— THE DATA —
※ ※ ※

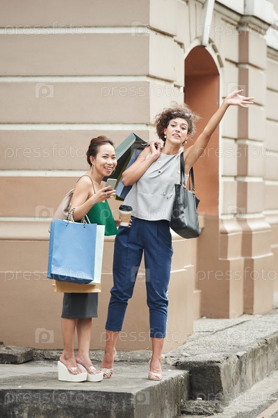 Две женщины ловят такси на улице
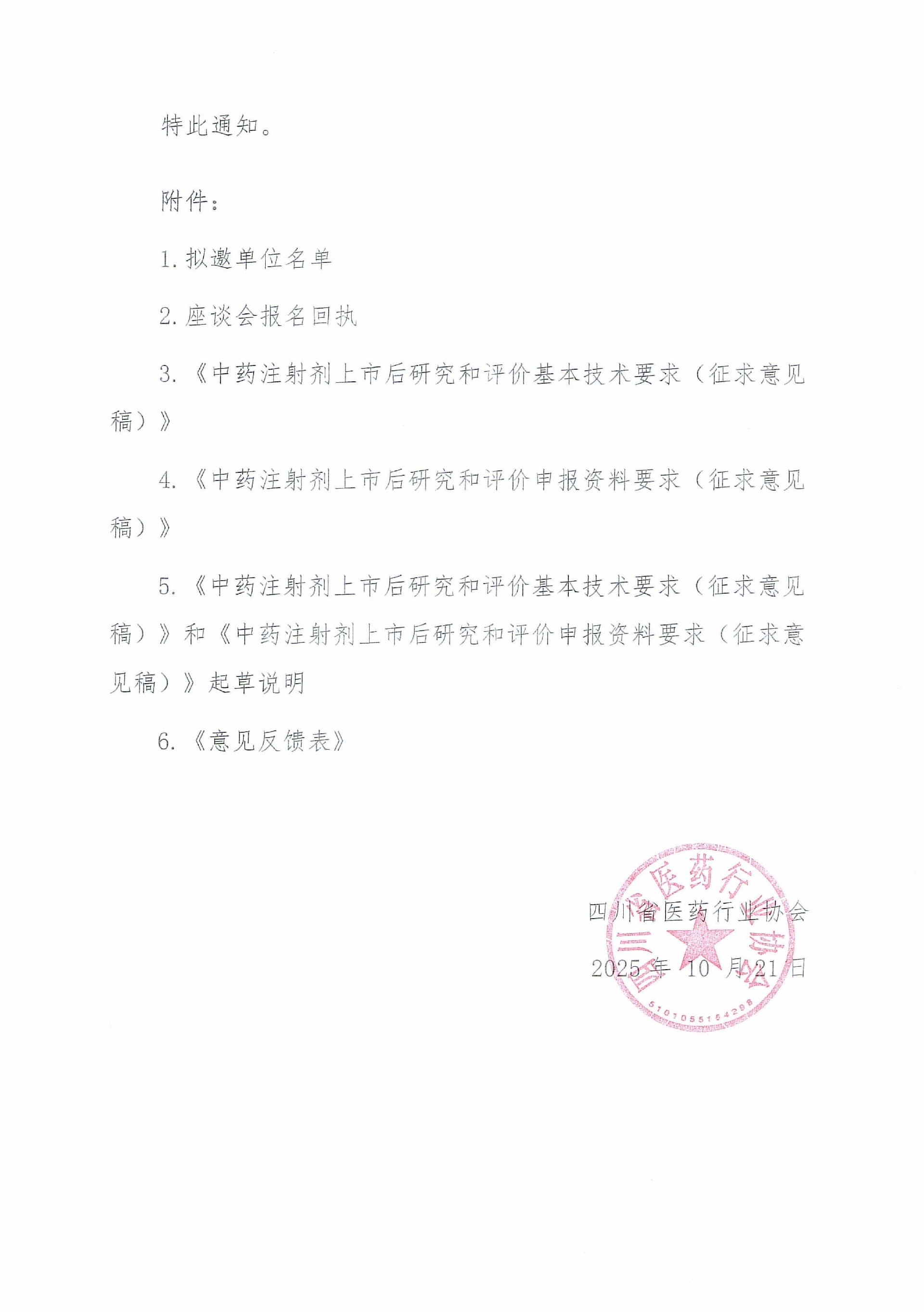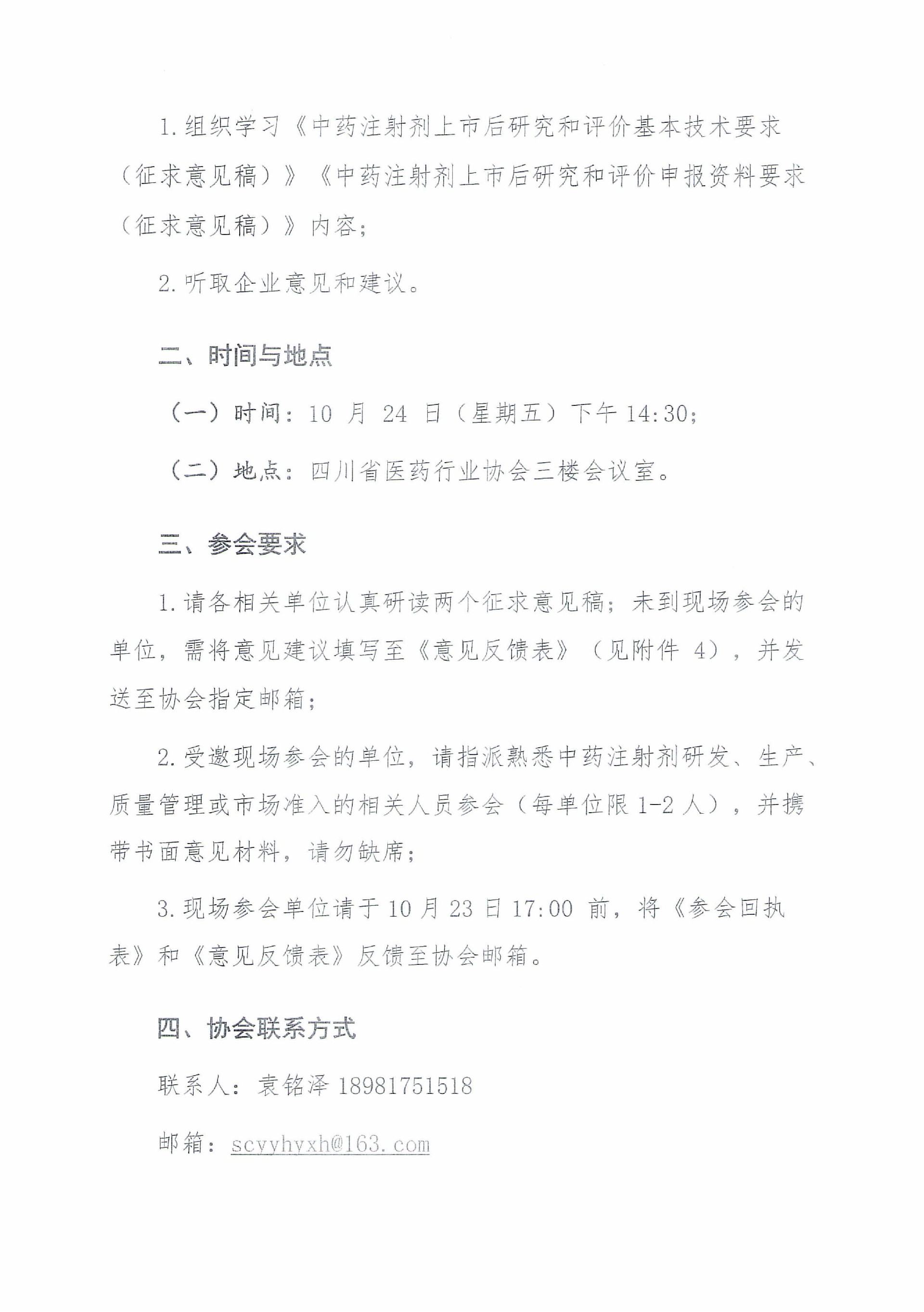 关于召开《中药注射剂上市后研究和评价基本技术要求(征求意见稿)》《中药注射剂上市后研究和评价申报资料要求(征求意见稿)》征求意见座谈会的通知
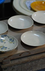 仕事は交趾梅形皿の削りをしながら土の具合が多少変化をしているようで陶主は土の質(土によっては土の層が変わると強度などが変わったりします)が変わっていると判断、もう一度、土を練り直し型起しをすることになりました。絵付けのほうは色絵紅白梅文5寸皿の金付けを終え、窯へ。黄交趾土器皿の色盛りに入りました。
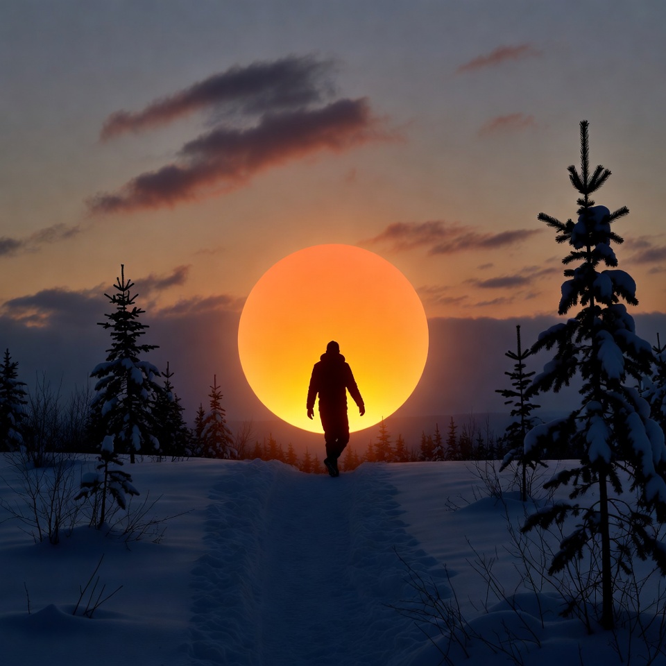 A person walks along a snowy path with tall trees. The sun sets behind them, creating a large orange glow in the sky.

※ ※ ※

— PROBLEM DETAILS —
Word for word, restate the lines above from the first through the one that contains "仕事は交趾梅形皿の削りをしな", and exclude all pictures.

— RESULT BELOW —
 Две женщины ловят такси на улице
 关于召开《中药注射剂上市后研究和评价基本技术要求(征求意见稿)》《中药注射剂上市后研究和评价申报资料要求(征求意见稿)》征求意见座谈会的通知
 仕事は交趾梅形皿の削りをしながら土の具合が多少変化をしているようで陶主は土の質(土によっては土の層が変わると強度などが変わったりします)が変わっていると判断、もう一度、土を練り直し型起しをすることになりました。絵付けのほうは色絵紅白梅文5寸皿の金付けを終え、窯へ。黄交趾土器皿の色盛りに入りました。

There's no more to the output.